* [EXERCISE INSTRUCTIONS]:
Starting at the top of the records, output every line through the one that contains "Image: September 2016", keeping each exactly as it appears.

* [DATASET RECORDS]:
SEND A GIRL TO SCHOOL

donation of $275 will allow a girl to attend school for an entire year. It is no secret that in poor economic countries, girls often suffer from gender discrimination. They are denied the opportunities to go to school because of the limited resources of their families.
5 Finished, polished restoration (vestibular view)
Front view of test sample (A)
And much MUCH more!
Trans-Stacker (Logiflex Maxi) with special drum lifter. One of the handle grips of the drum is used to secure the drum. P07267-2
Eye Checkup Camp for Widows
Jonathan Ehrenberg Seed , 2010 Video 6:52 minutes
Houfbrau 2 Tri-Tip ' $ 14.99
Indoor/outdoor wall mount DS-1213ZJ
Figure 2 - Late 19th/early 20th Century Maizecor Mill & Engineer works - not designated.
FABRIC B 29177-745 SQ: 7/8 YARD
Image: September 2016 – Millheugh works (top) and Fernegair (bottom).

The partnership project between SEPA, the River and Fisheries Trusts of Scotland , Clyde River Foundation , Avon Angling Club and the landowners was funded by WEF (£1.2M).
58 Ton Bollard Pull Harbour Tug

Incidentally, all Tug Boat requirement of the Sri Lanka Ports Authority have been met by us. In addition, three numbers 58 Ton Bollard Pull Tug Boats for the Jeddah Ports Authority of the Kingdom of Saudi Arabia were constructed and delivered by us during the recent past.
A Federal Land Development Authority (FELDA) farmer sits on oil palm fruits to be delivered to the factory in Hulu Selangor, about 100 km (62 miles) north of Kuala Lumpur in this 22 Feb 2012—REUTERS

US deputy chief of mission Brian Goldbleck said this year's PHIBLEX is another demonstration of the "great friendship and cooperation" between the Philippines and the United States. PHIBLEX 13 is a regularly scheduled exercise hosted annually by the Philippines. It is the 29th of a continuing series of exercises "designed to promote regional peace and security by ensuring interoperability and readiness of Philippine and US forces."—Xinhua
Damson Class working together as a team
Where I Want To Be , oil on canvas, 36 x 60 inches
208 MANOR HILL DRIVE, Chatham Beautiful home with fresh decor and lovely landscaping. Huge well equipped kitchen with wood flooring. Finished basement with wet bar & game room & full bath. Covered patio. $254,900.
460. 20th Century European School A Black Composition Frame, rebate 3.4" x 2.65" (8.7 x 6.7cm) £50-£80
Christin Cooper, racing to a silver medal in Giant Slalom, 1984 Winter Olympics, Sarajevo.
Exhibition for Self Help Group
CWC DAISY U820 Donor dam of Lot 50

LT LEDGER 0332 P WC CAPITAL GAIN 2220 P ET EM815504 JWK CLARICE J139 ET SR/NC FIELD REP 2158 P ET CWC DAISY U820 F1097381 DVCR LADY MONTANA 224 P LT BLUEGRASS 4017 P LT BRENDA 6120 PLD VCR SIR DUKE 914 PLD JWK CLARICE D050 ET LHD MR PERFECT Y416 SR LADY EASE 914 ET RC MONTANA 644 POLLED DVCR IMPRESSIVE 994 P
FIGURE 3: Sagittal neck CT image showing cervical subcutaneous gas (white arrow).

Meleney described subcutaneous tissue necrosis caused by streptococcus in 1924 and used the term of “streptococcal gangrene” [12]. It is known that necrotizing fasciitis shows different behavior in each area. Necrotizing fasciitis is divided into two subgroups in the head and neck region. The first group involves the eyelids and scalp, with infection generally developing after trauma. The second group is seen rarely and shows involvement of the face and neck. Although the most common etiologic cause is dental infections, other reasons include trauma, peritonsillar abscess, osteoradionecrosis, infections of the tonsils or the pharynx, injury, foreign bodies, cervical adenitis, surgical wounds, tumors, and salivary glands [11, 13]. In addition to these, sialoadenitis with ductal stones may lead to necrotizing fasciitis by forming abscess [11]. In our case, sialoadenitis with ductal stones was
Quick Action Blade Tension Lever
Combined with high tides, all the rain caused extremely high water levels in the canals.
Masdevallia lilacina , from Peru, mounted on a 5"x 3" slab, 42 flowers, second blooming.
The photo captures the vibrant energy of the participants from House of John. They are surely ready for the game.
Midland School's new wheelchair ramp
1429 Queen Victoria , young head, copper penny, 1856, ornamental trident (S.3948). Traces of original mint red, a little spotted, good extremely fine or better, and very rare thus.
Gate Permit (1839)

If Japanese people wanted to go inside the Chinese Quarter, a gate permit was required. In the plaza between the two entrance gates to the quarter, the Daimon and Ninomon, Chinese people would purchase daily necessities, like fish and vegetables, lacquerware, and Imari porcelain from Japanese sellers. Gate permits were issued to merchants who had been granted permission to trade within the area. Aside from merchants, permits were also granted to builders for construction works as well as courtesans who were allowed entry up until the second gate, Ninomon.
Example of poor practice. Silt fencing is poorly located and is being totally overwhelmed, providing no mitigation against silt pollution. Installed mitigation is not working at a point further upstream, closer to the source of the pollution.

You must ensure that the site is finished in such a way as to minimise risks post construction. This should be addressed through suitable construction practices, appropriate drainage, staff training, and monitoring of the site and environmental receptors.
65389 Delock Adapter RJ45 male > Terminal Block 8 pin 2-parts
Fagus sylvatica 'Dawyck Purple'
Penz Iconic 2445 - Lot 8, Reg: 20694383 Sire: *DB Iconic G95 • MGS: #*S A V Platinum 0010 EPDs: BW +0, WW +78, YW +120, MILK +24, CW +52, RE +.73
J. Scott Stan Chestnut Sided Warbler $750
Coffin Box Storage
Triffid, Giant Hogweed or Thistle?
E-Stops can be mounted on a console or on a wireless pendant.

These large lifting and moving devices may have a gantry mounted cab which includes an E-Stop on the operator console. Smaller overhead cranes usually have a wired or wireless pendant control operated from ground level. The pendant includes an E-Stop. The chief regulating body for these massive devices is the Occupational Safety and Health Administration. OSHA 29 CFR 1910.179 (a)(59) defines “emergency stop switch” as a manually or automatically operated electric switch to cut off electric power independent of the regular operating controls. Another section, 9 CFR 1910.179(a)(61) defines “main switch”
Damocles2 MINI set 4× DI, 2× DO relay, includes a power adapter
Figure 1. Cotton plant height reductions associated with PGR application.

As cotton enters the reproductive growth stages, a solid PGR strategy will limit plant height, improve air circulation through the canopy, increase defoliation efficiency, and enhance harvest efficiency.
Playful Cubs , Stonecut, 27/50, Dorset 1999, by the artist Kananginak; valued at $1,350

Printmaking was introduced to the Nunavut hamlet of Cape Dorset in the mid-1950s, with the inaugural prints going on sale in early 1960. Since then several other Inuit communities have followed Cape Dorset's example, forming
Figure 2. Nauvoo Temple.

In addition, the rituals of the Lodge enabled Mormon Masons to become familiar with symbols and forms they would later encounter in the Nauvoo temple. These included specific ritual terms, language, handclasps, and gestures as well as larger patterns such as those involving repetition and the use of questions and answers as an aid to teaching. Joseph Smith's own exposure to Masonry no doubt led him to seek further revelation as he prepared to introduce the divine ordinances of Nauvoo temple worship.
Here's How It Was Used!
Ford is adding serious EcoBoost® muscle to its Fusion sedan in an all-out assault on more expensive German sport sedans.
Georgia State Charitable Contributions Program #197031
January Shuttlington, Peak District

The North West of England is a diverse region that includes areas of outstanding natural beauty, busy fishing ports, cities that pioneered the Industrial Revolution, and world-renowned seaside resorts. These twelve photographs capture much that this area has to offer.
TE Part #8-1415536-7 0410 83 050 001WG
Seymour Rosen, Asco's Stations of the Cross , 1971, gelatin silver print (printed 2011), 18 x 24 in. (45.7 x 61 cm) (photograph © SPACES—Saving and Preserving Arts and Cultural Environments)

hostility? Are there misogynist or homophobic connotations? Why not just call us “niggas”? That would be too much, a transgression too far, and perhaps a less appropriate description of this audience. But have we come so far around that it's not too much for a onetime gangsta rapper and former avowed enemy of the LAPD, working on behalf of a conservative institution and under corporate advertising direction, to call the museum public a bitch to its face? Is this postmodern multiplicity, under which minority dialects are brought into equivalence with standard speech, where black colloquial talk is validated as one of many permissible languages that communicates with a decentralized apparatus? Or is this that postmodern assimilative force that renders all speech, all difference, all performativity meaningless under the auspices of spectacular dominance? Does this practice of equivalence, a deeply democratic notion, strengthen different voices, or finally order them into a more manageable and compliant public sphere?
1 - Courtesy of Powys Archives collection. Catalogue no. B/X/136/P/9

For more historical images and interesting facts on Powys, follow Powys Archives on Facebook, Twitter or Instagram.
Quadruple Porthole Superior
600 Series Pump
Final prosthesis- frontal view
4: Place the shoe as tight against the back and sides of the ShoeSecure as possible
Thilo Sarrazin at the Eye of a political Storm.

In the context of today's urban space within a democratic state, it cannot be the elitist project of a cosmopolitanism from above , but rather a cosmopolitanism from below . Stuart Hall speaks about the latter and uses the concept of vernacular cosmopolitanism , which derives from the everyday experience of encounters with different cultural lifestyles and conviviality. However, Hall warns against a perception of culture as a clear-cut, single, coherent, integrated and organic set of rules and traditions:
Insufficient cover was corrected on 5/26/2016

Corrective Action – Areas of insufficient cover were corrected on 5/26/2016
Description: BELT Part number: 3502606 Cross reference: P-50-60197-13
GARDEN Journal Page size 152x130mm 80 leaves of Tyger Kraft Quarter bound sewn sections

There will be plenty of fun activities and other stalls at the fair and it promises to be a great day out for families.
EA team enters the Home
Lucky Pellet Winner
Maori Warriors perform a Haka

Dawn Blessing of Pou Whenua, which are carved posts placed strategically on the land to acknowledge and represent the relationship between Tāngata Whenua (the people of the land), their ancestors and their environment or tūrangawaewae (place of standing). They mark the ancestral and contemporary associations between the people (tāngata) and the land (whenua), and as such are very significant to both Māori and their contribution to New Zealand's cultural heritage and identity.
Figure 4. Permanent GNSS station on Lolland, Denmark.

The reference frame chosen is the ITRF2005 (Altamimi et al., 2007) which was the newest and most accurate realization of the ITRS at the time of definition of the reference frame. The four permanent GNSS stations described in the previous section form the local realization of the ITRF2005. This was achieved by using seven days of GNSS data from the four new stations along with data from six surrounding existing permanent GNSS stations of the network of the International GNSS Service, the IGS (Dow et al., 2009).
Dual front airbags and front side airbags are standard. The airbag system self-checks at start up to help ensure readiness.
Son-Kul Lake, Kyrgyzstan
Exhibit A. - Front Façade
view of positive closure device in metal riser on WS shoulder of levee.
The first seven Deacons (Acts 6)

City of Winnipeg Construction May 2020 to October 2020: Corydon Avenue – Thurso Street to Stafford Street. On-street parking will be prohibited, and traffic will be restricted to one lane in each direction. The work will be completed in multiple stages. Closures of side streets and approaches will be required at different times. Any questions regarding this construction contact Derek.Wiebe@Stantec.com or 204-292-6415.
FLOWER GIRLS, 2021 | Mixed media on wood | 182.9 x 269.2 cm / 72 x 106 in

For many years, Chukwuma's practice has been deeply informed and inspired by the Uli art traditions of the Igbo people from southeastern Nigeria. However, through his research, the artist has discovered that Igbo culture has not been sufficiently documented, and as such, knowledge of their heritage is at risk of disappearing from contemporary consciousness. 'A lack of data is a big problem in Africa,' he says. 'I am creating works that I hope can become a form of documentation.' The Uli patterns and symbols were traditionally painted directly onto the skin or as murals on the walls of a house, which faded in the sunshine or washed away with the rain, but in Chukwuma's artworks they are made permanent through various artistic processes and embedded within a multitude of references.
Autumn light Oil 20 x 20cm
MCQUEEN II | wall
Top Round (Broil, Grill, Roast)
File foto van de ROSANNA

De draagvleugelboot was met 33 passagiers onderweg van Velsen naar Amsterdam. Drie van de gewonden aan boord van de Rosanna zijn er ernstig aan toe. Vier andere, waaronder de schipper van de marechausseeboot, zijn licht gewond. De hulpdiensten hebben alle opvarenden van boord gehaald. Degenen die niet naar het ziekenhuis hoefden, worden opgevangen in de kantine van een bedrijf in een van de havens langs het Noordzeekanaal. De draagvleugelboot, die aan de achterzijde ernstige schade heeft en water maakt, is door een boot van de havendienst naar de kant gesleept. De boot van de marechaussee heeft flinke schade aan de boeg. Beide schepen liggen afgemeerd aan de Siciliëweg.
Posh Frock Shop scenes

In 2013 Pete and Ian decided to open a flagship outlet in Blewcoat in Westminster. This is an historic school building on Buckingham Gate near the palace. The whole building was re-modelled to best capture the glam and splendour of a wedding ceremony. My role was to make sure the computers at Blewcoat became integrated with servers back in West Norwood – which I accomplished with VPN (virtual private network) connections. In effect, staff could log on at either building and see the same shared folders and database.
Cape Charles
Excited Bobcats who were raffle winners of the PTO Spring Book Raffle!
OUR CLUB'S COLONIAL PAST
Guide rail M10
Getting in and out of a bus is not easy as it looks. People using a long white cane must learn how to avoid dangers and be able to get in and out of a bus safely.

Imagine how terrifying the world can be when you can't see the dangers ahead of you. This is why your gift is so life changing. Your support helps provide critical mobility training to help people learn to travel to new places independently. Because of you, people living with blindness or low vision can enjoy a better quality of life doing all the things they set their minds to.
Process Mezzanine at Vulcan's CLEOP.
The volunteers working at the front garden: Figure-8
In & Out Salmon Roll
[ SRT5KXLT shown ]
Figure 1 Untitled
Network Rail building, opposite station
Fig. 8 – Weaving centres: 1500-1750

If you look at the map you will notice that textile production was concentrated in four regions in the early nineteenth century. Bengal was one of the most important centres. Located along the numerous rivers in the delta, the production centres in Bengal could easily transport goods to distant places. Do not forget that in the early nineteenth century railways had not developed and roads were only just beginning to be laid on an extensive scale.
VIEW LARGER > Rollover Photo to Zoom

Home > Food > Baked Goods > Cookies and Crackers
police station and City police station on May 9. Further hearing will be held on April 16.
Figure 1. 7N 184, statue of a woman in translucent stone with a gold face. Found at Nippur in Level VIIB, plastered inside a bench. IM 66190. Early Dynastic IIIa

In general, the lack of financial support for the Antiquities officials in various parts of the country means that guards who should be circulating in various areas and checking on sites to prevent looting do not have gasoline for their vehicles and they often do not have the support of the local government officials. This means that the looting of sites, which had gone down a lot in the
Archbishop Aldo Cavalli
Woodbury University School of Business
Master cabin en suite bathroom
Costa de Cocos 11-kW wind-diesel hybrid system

* [ANSWER TO THIS EXERCISE]:
SEND A GIRL TO SCHOOL

donation of $275 will allow a girl to attend school for an entire year. It is no secret that in poor economic countries, girls often suffer from gender discrimination. They are denied the opportunities to go to school because of the limited resources of their families.
5 Finished, polished restoration (vestibular view)
Front view of test sample (A)
And much MUCH more!
Trans-Stacker (Logiflex Maxi) with special drum lifter. One of the handle grips of the drum is used to secure the drum. P07267-2
Eye Checkup Camp for Widows
Jonathan Ehrenberg Seed , 2010 Video 6:52 minutes
Houfbrau 2 Tri-Tip ' $ 14.99
Indoor/outdoor wall mount DS-1213ZJ
Figure 2 - Late 19th/early 20th Century Maizecor Mill & Engineer works - not designated.
FABRIC B 29177-745 SQ: 7/8 YARD
Image: September 2016 – Millheugh works (top) and Fernegair (bottom).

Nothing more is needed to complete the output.